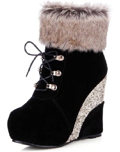 Женские ботильоны Zd-1081 на танкетке с круглым носком, молнией, высоком каблуке, ручной работы, с коротким голенищем, Black
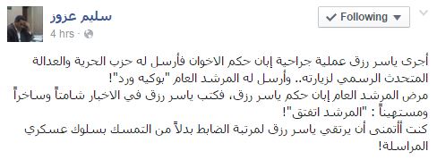 وأمتلأت مواقع التواصل بعدد من التعليقات الغاضبة؛ حيث علق الكاتب الصحفي سليم عزوز، في تغريدة له عبر حسابه الرسمي على موقع التواصل الاجتماعي “فيس بوك” على الخبر قائلاً: “أجرى ياسر رزق عملية جراحية إبان حكم الإخوان فأرسل له حزب الحرية والعدالة المتحدث الرسمي لزيارته.. وأرسل له المرشد العام “بوكيه ورد”!”.
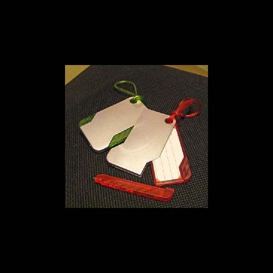 • This luggage tag is composed of a plastic board with sticker, a metal covering and a rubber band
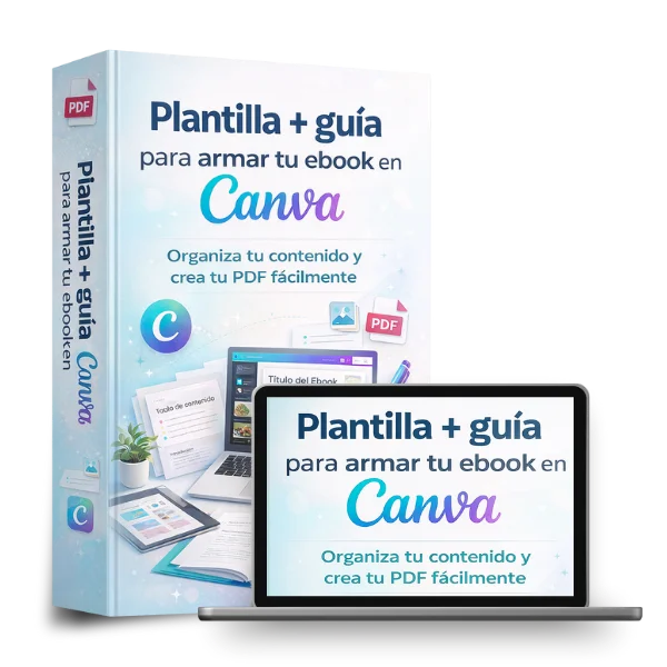 Incluye una plantilla editable en Canva + una guía práctica, para ayudarte a ordenar tu contenido y convertirlo en un ebook en PDF limpio y presentable, incluso si nunca has diseñado uno antes.
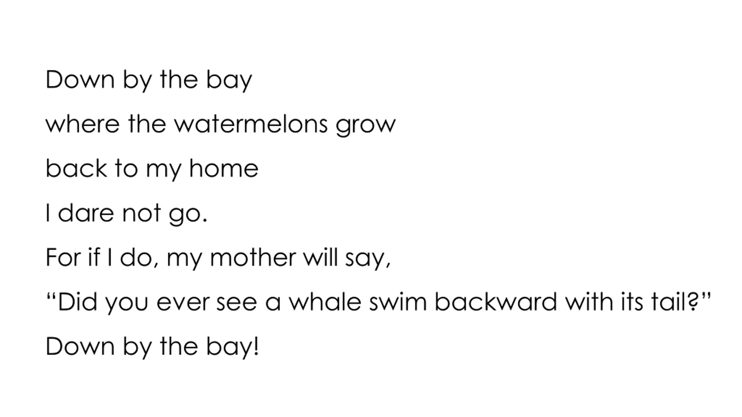 Down by the bay where the watermelons grow back to my home I dare not go. For if I do, my mother will say, Did you ever see a whale swim backward with its tail? Down by the bay!
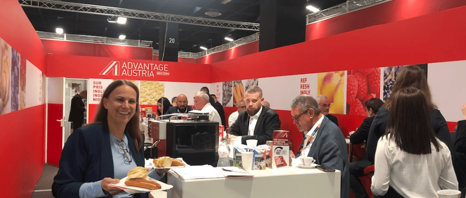 Österreichs Lebensmittel sind heiß begehrt. Das spürte man an den zahlreichen Interessenten für die rot-weiß-roten Produkte. Auf den Gemeinschaftsständen der AWO der Wirtschaftskammer Österreich tummelten sich die Besucher. Die Verantwortliche für Lebensmittelmessen, Mag. Marion Tschernutter, bestand ihre „Anuga“-Feuerprobe mit Bravour: denn auch die AWO war vom Personalmangel betroffen und so mussten alle Mitarbeiter selbst beim „Frankfurter Kochen“ mitanpacken. Sidestep: für die nächsten Messen werden immer wieder Freie Mitarbeiterinnen und Mitarbeiter gesucht (Marion.Tschernutter@wko.at).
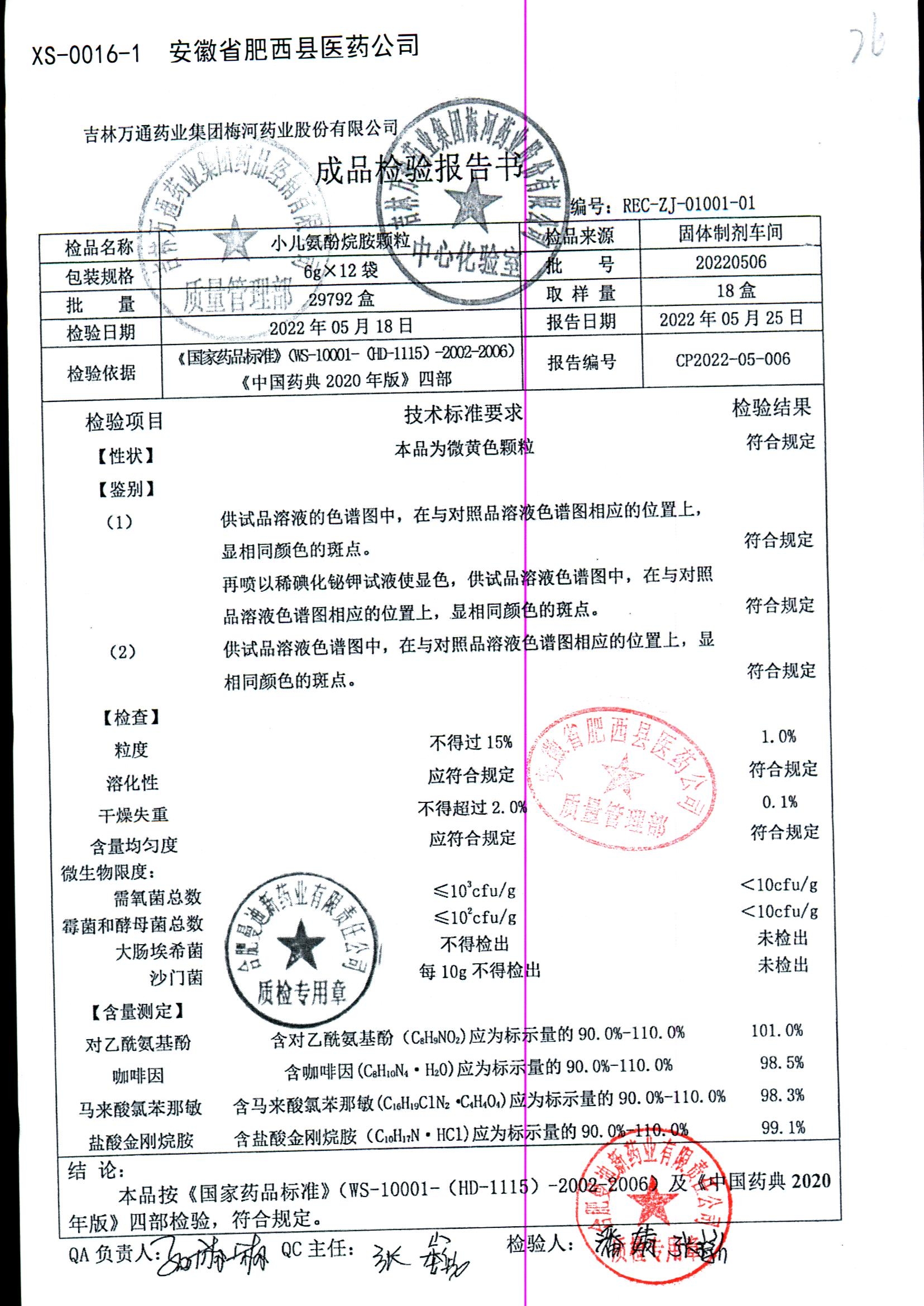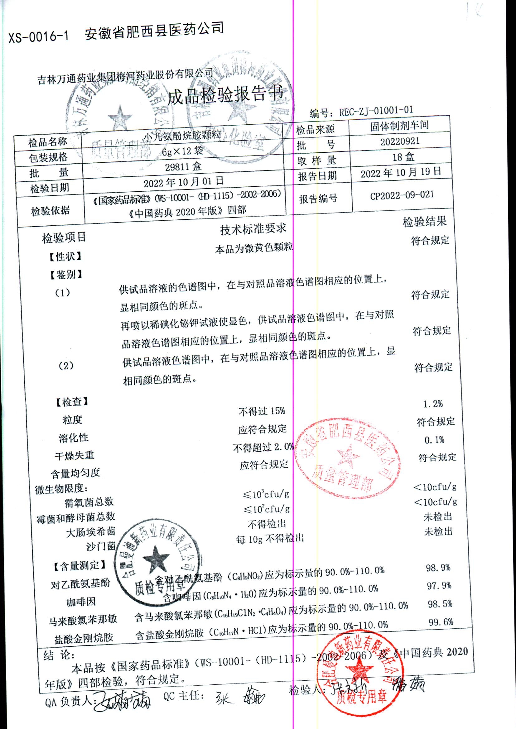 | 小儿氨酚烷胺颗粒 | 6g*12袋 | 20220506 | 查看详情 |
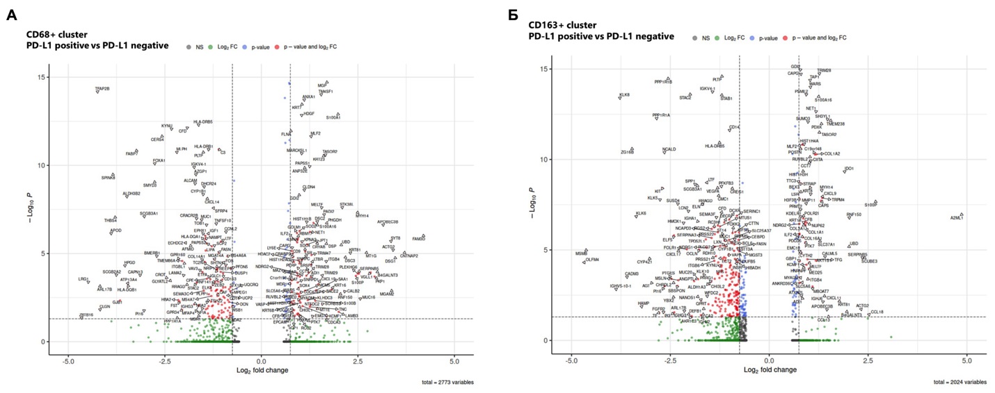 2. Рис. 2. Диаграмма рассеяния (volcano plot), иллюстрирующая результаты анализа дифференциальной экспрессии генов в кластере CD68+ клеток (А) и CD163+ кластере (Б) стромы опухоли у пациенток с положительным и отрицательным PD-L1 статусом. Примечание: рисунок выполнен авторами | |
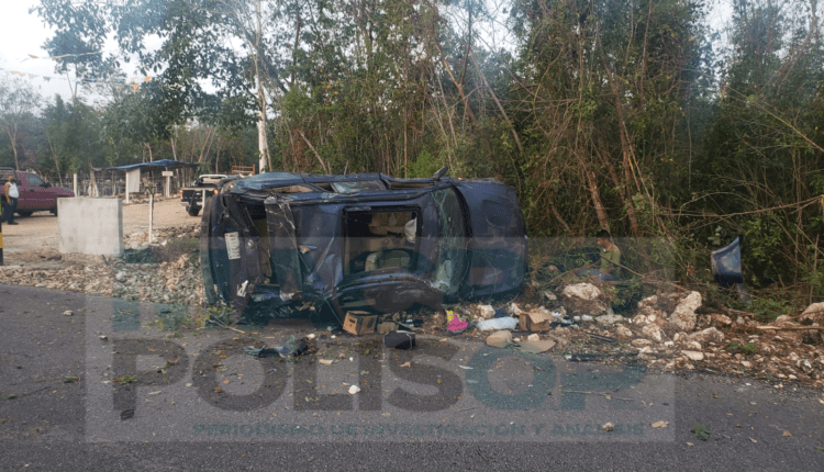 Cancún, a 19 abril de 2021.- El exceso de velocidad que lo que originó la tarde-noche de hoy una aparatosa volcadura de una camioneta de lujo en la carretera conocida como el Ramal, donde una persona resultó gravemente lesionada.
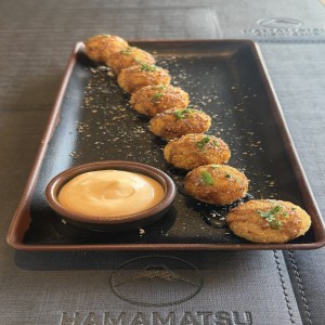 Arroz, alga, salmão e cream cheese, empanado na farinha panko e frito.
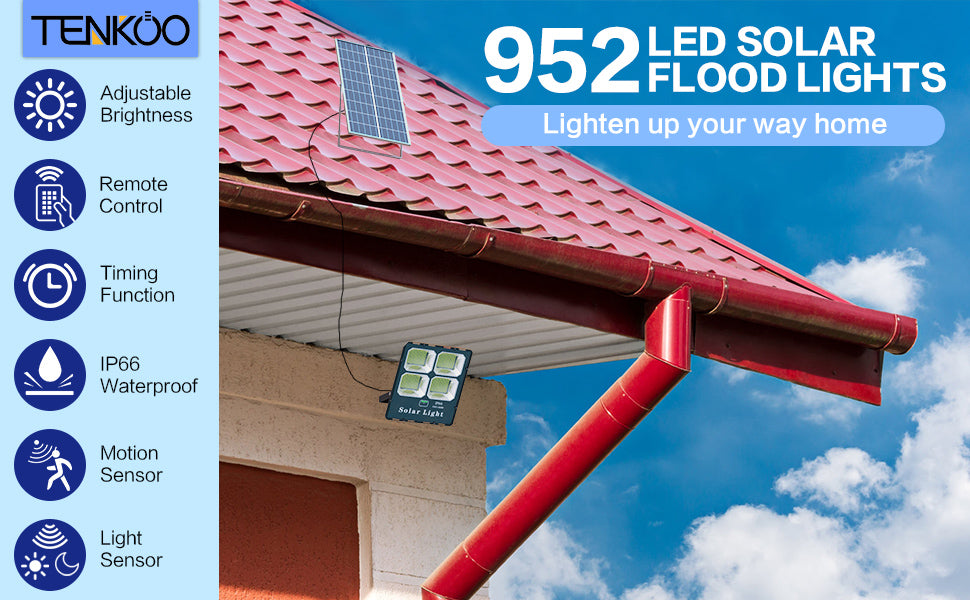 TENKOO Solar Flood Lights Dusk to Dawn 6000K
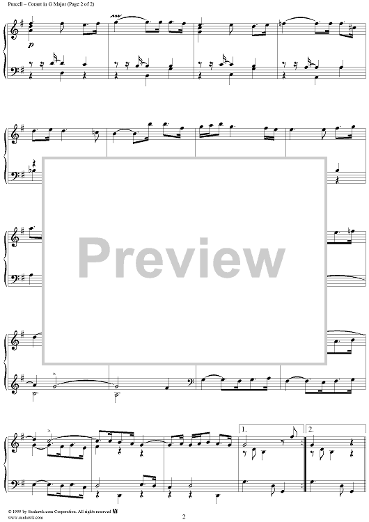Digital Sheet Music for Corant in G Major by Henry Purcell scored for Piano Solo; id:255043
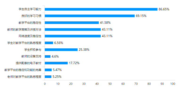座谈会前夕,学工办向全体非毕业班学生发放了疫情线上学习调查问卷,全面了解和掌握学生对线上教学的满意度等情况,并及时关注和解决困扰线上教学效果的问题,共回收有效问卷457份,超过半数学生对线上教学较为认可,愿意接受。当被问到“您认为影响线上学习效果最主要的因素有哪些?”,回答“学生自主学习能力”占比达86.65%。
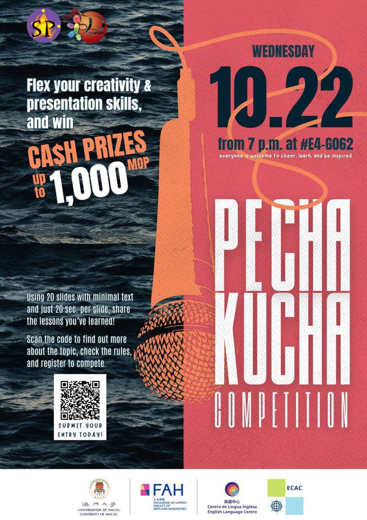 【英語中心 -ECAC】 “Pecha Kucha 英語演講大賽” , 10月22日(三), 19:00 ; 〈 截止報名日期 10月13日 〉

**********

▸ **TASK**
Print everything from the line with "وأمتلأت مواقع التواصل" down to the line with "20220506 | 查看详情 |" in the entries above, both lines included and nothing more, without the pictures.

▸ **RESPONSE TO THE TASK**
 وأمتلأت مواقع التواصل بعدد من التعليقات الغاضبة؛ حيث علق الكاتب الصحفي سليم عزوز، في تغريدة له عبر حسابه الرسمي على موقع التواصل الاجتماعي “فيس بوك” على الخبر قائلاً: “أجرى ياسر رزق عملية جراحية إبان حكم الإخوان فأرسل له حزب الحرية والعدالة المتحدث الرسمي لزيارته.. وأرسل له المرشد العام “بوكيه ورد”!”.
 • This luggage tag is composed of a plastic board with sticker, a metal covering and a rubber band
 Incluye una plantilla editable en Canva + una guía práctica, para ayudarte a ordenar tu contenido y convertirlo en un ebook en PDF limpio y presentable, incluso si nunca has diseñado uno antes.
 Down by the bay where the watermelons grow back to my home I dare not go. For if I do, my mother will say, Did you ever see a whale swim backward with its tail? Down by the bay!
 Österreichs Lebensmittel sind heiß begehrt. Das spürte man an den zahlreichen Interessenten für die rot-weiß-roten Produkte. Auf den Gemeinschaftsständen der AWO der Wirtschaftskammer Österreich tummelten sich die Besucher. Die Verantwortliche für Lebensmittelmessen, Mag. Marion Tschernutter, bestand ihre „Anuga“-Feuerprobe mit Bravour: denn auch die AWO war vom Personalmangel betroffen und so mussten alle Mitarbeiter selbst beim „Frankfurter Kochen“ mitanpacken. Sidestep: für die nächsten Messen werden immer wieder Freie Mitarbeiterinnen und Mitarbeiter gesucht (Marion.Tschernutter@wko.at).
 | 小儿氨酚烷胺颗粒 | 6g*12袋 | 20220506 | 查看详情 |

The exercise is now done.